[Stored data Boundary: Start]

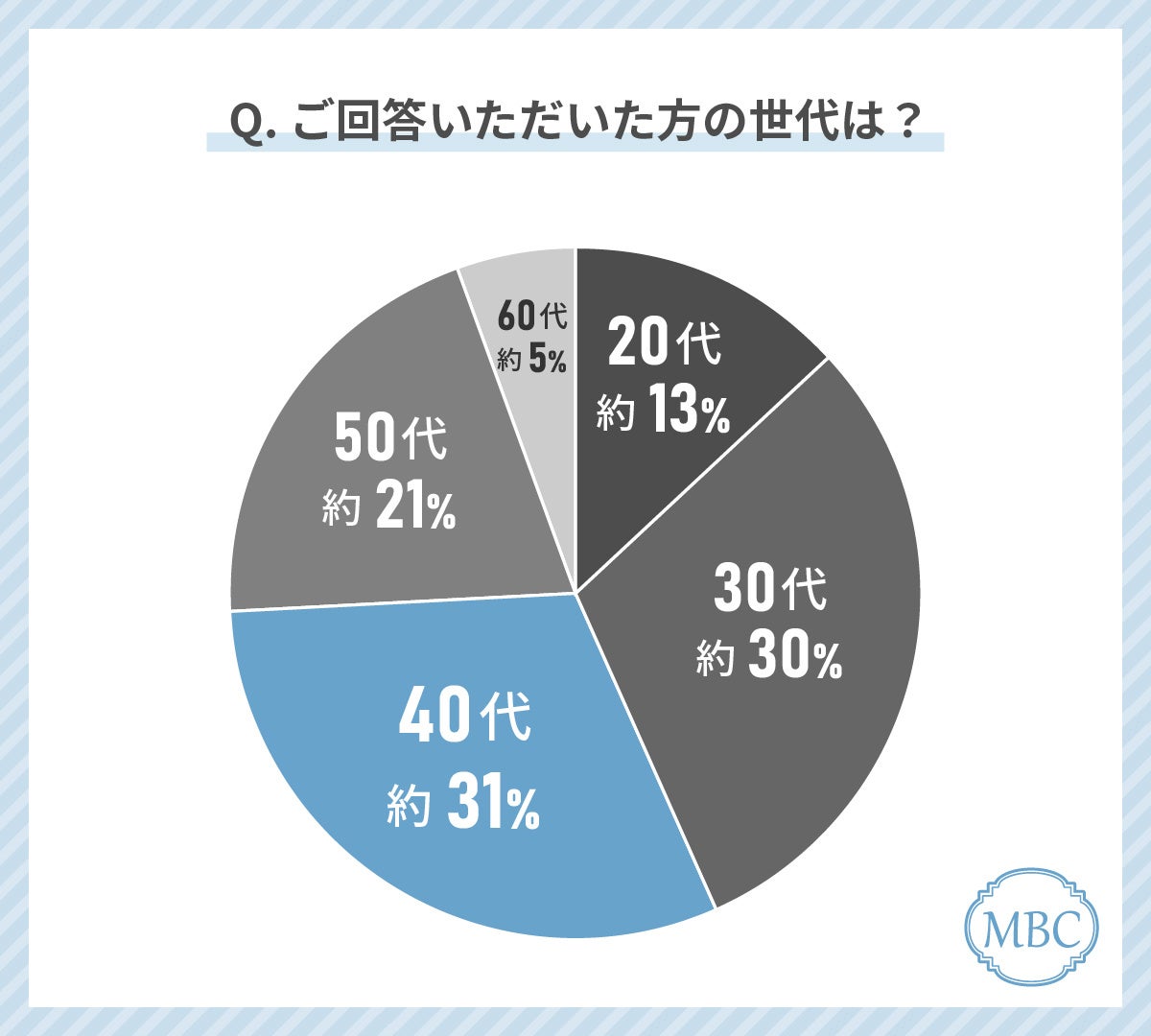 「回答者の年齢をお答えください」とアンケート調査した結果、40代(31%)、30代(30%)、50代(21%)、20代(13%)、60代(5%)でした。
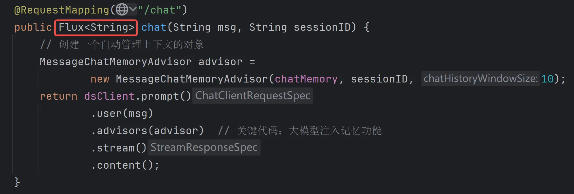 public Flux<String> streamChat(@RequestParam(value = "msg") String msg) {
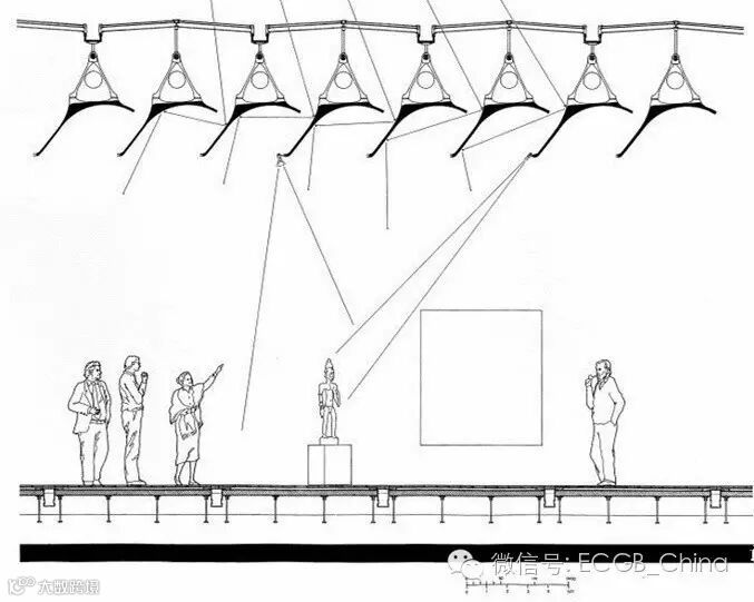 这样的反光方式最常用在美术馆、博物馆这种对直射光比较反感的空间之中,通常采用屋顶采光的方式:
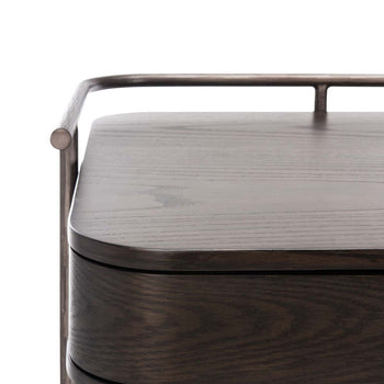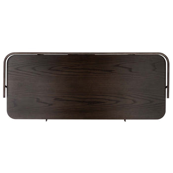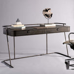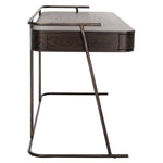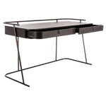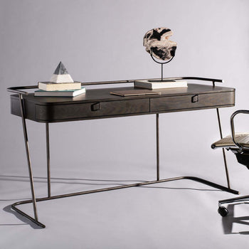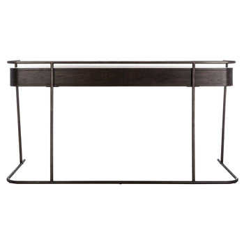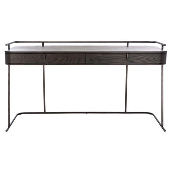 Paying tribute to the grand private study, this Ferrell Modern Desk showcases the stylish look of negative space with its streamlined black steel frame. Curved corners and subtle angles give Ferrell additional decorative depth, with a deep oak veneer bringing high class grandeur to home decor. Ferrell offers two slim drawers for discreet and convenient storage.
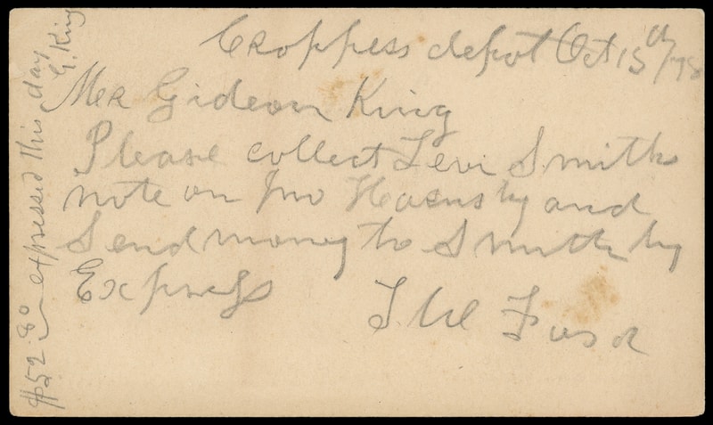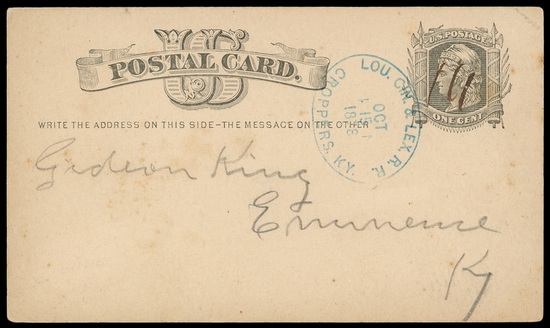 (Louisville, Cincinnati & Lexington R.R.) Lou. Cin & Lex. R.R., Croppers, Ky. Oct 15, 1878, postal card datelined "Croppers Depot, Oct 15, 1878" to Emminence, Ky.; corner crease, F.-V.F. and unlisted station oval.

[Stored data Boundary: End]

_Task objective:_ Output the records above as they stand, from the first line to the line with "这样的反光方式最常用在美术馆", inclusive, and exclude the pictures.

_Response below:_
 「回答者の年齢をお答えください」とアンケート調査した結果、40代(31%)、30代(30%)、50代(21%)、20代(13%)、60代(5%)でした。
 public Flux<String> streamChat(@RequestParam(value = "msg") String msg) {
 这样的反光方式最常用在美术馆、博物馆这种对直射光比较反感的空间之中,通常采用屋顶采光的方式:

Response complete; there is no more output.